TASK INSTRUCTIONS:
Leave out any pictures and transcribe all other data below exactly.

DATA SEGMENT:
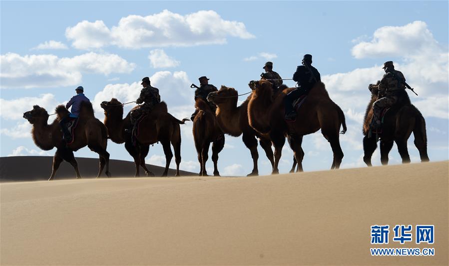 10月15日,阿拉善右旗边防民兵驼兵排和当地牧民进行骆驼应用训练。 当日,阿拉善右旗边防民兵驼兵排联合阿拉善边境管理支队民警和当地牧民,在位于内蒙古阿拉善右旗的巴丹吉林沙漠北部进行骆驼应用训练演练,实地检验了当地民兵和民警在沙漠腹地执行巡护任务的能力。 新华社记者 连振 摄
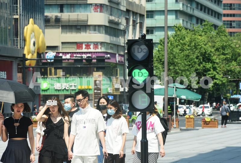 2022年5月17日,随着一年一度的“520”网络情人节即将到来,“爱心”红绿灯和“爱心”斑马线同时出现在杭州西湖边上的湖滨步行街上 ,红绿灯变换着的“爱心”图形和斑马线上粉色的爱心图案,吸引了不少市民游客特别是年轻人前来拍照打卡。
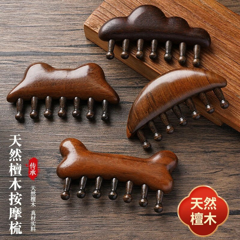 コーム 緑檀 玉檀木 香木 天然木製 粗目 細目 兼用 持ち手付き 頭皮ケア 頭皮マッサージ 美髪ケア ヘアブラシ 静電気防止 絡まない サラサラ髪 ロングヘア対応
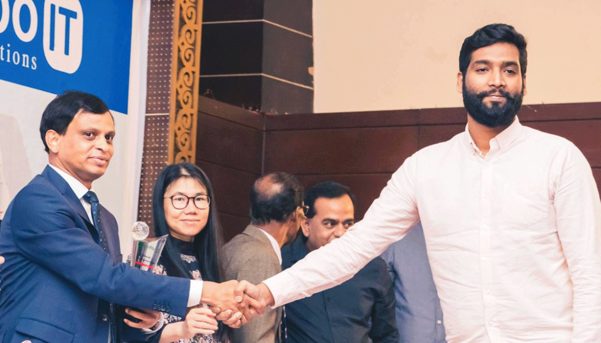 Managing Director of Beyond Innovations & Technologies Limited, Mr. Mossaddique Ahsan is seen accepting Best Reseller award on behalf of the company.

EXERCISE RESPONSE:
 10月15日,阿拉善右旗边防民兵驼兵排和当地牧民进行骆驼应用训练。 当日,阿拉善右旗边防民兵驼兵排联合阿拉善边境管理支队民警和当地牧民,在位于内蒙古阿拉善右旗的巴丹吉林沙漠北部进行骆驼应用训练演练,实地检验了当地民兵和民警在沙漠腹地执行巡护任务的能力。 新华社记者 连振 摄
 2022年5月17日,随着一年一度的“520”网络情人节即将到来,“爱心”红绿灯和“爱心”斑马线同时出现在杭州西湖边上的湖滨步行街上 ,红绿灯变换着的“爱心”图形和斑马线上粉色的爱心图案,吸引了不少市民游客特别是年轻人前来拍照打卡。
 コーム 緑檀 玉檀木 香木 天然木製 粗目 細目 兼用 持ち手付き 頭皮ケア 頭皮マッサージ 美髪ケア ヘアブラシ 静電気防止 絡まない サラサラ髪 ロングヘア対応
 Managing Director of Beyond Innovations & Technologies Limited, Mr. Mossaddique Ahsan is seen accepting Best Reseller award on behalf of the company.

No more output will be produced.